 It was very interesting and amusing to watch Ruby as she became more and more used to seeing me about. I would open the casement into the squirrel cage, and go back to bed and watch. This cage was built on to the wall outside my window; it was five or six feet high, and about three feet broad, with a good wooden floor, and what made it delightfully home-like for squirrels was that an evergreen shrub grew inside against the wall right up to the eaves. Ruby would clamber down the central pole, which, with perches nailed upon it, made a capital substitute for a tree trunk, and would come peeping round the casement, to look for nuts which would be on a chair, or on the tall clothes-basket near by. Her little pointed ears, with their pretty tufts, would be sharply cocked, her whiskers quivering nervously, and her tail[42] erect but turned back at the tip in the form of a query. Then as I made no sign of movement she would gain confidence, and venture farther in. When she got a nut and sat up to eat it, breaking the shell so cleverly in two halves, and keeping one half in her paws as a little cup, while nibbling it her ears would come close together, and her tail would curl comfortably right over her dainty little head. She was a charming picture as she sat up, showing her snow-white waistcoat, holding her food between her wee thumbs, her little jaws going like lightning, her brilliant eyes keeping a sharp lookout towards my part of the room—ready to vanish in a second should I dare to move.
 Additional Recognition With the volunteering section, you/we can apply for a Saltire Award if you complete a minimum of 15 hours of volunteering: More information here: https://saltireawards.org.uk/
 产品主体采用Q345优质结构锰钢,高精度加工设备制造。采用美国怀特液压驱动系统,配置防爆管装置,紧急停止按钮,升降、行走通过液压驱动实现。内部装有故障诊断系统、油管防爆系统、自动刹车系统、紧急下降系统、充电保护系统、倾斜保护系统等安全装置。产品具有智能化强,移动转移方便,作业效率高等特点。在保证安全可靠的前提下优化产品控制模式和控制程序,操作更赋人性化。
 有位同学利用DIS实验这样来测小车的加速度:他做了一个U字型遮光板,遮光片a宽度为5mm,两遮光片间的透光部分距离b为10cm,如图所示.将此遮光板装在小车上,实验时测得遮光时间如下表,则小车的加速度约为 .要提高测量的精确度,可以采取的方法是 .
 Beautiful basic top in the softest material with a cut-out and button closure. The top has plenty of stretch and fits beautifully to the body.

..............................

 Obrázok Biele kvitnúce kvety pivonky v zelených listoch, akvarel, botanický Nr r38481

..............................

What this task involves: After locating the line with "产品主体采用Q345优质结构" above, return that line and every later line through the one with "Beautiful basic top", word for word and with nothing else.

Task answer:
 产品主体采用Q345优质结构锰钢,高精度加工设备制造。采用美国怀特液压驱动系统,配置防爆管装置,紧急停止按钮,升降、行走通过液压驱动实现。内部装有故障诊断系统、油管防爆系统、自动刹车系统、紧急下降系统、充电保护系统、倾斜保护系统等安全装置。产品具有智能化强,移动转移方便,作业效率高等特点。在保证安全可靠的前提下优化产品控制模式和控制程序,操作更赋人性化。
 有位同学利用DIS实验这样来测小车的加速度:他做了一个U字型遮光板,遮光片a宽度为5mm,两遮光片间的透光部分距离b为10cm,如图所示.将此遮光板装在小车上,实验时测得遮光时间如下表,则小车的加速度约为 .要提高测量的精确度,可以采取的方法是 .
 Beautiful basic top in the softest material with a cut-out and button closure. The top has plenty of stretch and fits beautifully to the body.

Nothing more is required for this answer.